Jojo Moyes
Pauline Sara Jo Moyes (born 4 August 1969), known professionally as Jojo Moyes, is an English journalist and, since 2002, an award-winning romance novelist,[1] #1 New York Times best selling author[2] and screenwriter.[3][4] She is one of only a few authors to have twice won the Romantic Novel of the Year Award by the Romantic Novelists' Association and her works have been translated into twenty-eight languages[5] and have sold over 40 million copies worldwide.[6]
Jojo Moyes
Life and early career[edit]
Pauline Sara-Jo Moyes was born on 4 August 1969[7] in Maidstone,[8] England.[9]
Before attending university, Moyes held several jobs: she was a typist at NatWest typing statements in braille for blind people, a brochure writer for Club 18-30, and a minicab controller for a brief time. While an undergraduate at Royal Holloway, University of London, Moyes worked for the Egham and Staines News.[10]
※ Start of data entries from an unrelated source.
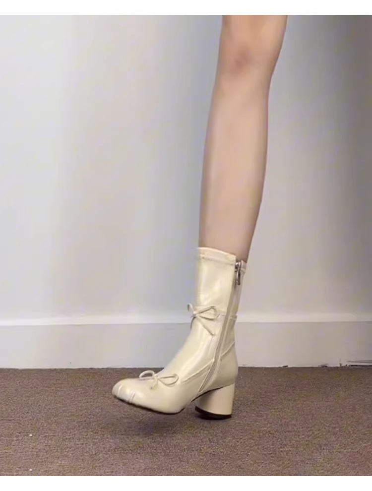 - Phiên bản da bò ~ Giày bốt dáng mảnh kiểu ba lê thanh lịch và dịu dàng theo phong cách Pháp dành cho nữ có khóa kéo phía sau, gót dày, giày bốt ngắn mũi tròn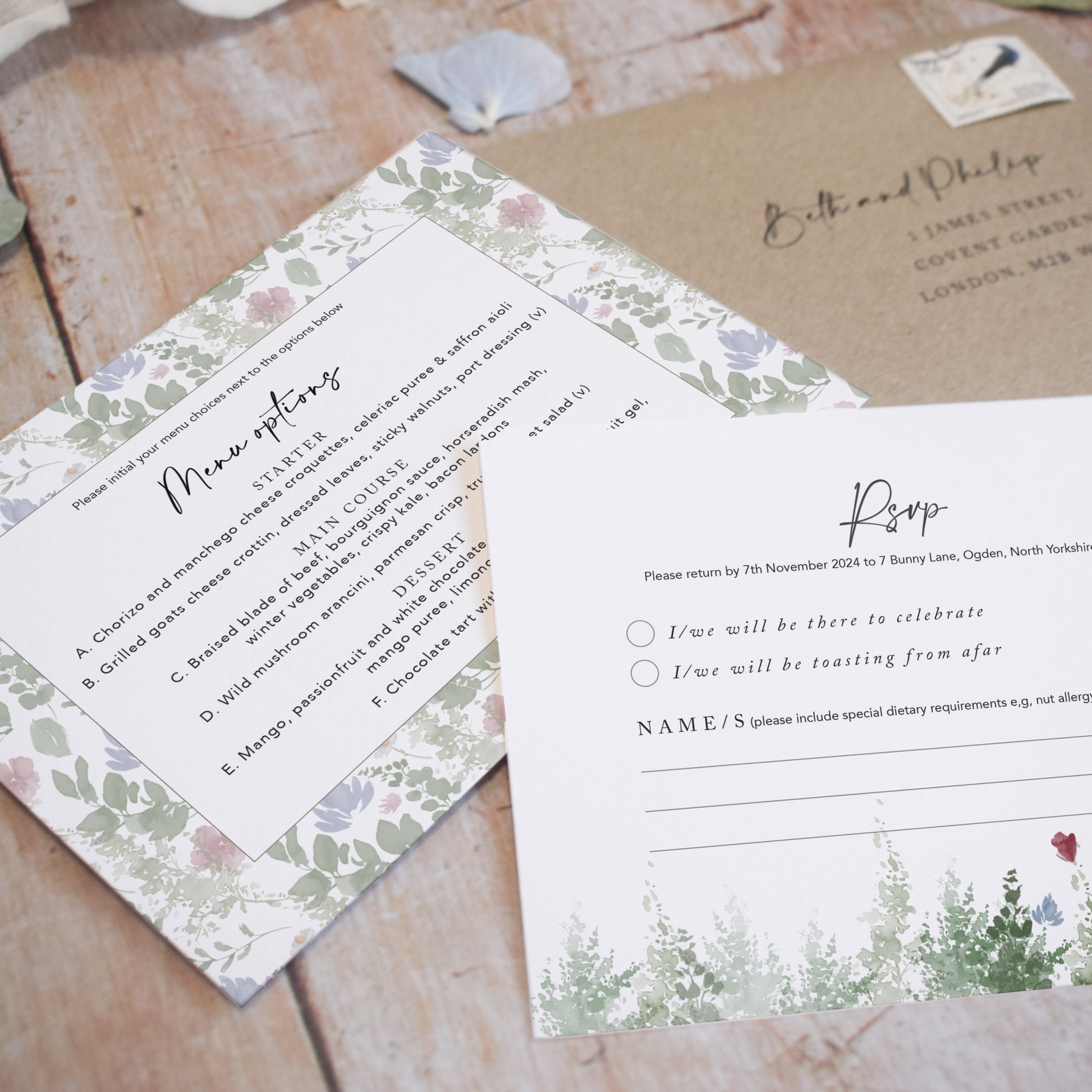 • Free Kraft or White invitation envelopes included (choice of colour upgrade)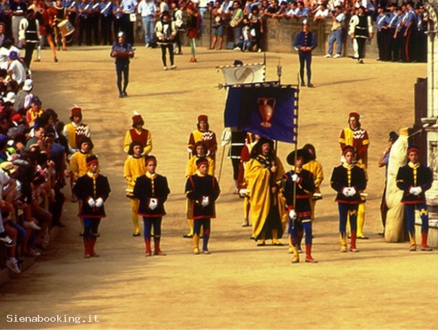 In ricordo della memorabile battaglia di Montaperti (1260) e dello scampato pericolo, i senesi decisero di indire il famoso Palio, ritenuto oggi da molti la manifestazione e festa storica più importante e rinomata d'Italia. La storia del Palio di Siena è però più articolata e complessa, e affonda le proprie radici in un'epoca ancor più remota. Nelle città italiane del XII e XIII secolo era usanza organizzare corse di cavalli, sia come spettacolo pubblico, sia come competizione tra i diversi allevamenti equini posseduti dai nobili cittadini e non. Parallelamente ai palii dei nobili, i cittadini di Siena cominciarono ad organizzare, più o meno spontaneamente, altre competizioni nei modi più disparati. L'organizzazione su base rionale della Festa e delle comunità trova la sua origine, nel tipo di organizzazione territoriale delle compagnie militari che caratterizzava l'esercito senese medievale. Quando non c'era la guerra, questa organizzazione si riversava nella competizione. La corsa del Palio prende il nome dal premio: il Palio, dal latino pallium (mantello di lana), era in genere un drappo di stoffa molto pregiata che veniva utilizzato per gli scopi più svariati. A Siena, in genere, era destinato alla chiesa del rione vincitore. Poteva essere utilizzato sia come arredo per la chiesa stessa. Questo avveniva perché, ai loro albori, le Contrade si appoggiavano per le loro riunioni alle Parrocchie o alle compagnie laicali che sostenevano e supportavano gli ordini monastici. È comprensibile come, in caso di vittoria, il premio venisse regalato alla Chiesa del rione, sia per riconoscenza sia per devozione. È dal Settecento che si afferma l’idea del Palio-dipinto e solo dopo la Seconda guerra mondiale che a dipingerlo vengono chiamati non più i bravissimi artigiani senesi ma pittori di fama nazionale e internazionale.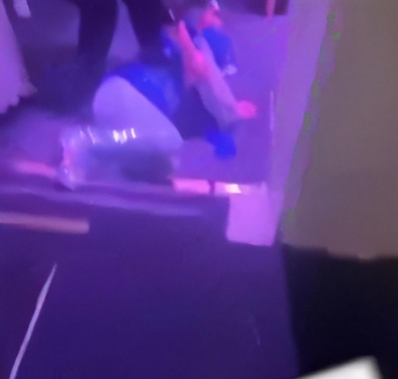 Sahneden inmek üzere hareketlenen Övüç, sahne kenarında ayağının takılması sonucu yere düştü.

She earned a journalism degree from City University[11] as well as a degree at Royal Holloway and Bedford New College, London University.[12]
Moyes won a bursary financed by The Independent newspaper which allowed her to attend the postgraduate newspaper journalism course at City University in 1992.[13] She subsequently worked for The Independent for the next 10 years (except for one year, when she worked in Hong Kong for the Sunday Morning Post) in various roles, becoming Assistant News Editor in 1998.[13] In 2002 she became the newspaper's Arts and Media Correspondent.[14]
Literary influences[edit]
Moyes' favourite book in childhood was National Velvet by Enid Bagnold. She cites Behind the Scenes at the Museum by Kate Atkinson as a book that made her want to be a better writer,[15] and she is inspired by authors such as Nora Ephron,[44] Marian Keyes, Lisa Jewell, Jonathan Tropper, and Jane Austen.[5]
Personal life[edit]
Moyes lives on a farm in Great Sampford, Essex, with her husband, journalist Charles Arthur, and their three children.[45][46] Her animals include an ex-racehorse[44] and a rescued 58 kg (128 lb) female Pyrenean mountain dog.[47]